▶ [ACTION ITEM]
Repeat exactly, and only, the lines below starting at the line that contains "4.0 to 4.5 mm." and ending at the line that contains "under CC BY 4.0", inclusive of both.

▶ [MATERIAL PROVIDED]
__________________________________________________
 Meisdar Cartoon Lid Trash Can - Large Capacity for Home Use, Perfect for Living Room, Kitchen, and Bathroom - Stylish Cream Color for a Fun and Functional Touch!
__________________________________________________
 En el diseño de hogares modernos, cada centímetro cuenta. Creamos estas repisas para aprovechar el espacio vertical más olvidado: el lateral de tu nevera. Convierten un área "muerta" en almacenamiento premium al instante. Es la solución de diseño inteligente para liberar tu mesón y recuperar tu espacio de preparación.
__________________________________________________
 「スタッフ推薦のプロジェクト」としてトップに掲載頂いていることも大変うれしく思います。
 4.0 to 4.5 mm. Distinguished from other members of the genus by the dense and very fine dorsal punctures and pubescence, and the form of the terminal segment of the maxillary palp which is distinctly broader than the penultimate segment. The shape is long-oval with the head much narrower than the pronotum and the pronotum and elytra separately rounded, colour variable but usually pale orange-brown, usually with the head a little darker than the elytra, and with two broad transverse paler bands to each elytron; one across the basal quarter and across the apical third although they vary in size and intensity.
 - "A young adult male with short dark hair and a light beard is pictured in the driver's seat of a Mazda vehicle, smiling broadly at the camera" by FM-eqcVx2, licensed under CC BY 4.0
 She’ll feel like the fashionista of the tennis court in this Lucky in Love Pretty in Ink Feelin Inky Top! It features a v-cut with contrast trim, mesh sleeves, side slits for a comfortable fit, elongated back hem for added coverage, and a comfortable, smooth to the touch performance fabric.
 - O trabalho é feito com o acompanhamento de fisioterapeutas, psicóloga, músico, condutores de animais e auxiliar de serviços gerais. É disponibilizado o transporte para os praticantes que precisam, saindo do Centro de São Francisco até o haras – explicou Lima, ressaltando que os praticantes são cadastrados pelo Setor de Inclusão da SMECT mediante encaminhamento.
__________________________________________________
▶ [ANSWER TO THIS EXERCISE]
 4.0 to 4.5 mm. Distinguished from other members of the genus by the dense and very fine dorsal punctures and pubescence, and the form of the terminal segment of the maxillary palp which is distinctly broader than the penultimate segment. The shape is long-oval with the head much narrower than the pronotum and the pronotum and elytra separately rounded, colour variable but usually pale orange-brown, usually with the head a little darker than the elytra, and with two broad transverse paler bands to each elytron; one across the basal quarter and across the apical third although they vary in size and intensity.
 - "A young adult male with short dark hair and a light beard is pictured in the driver's seat of a Mazda vehicle, smiling broadly at the camera" by FM-eqcVx2, licensed under CC BY 4.0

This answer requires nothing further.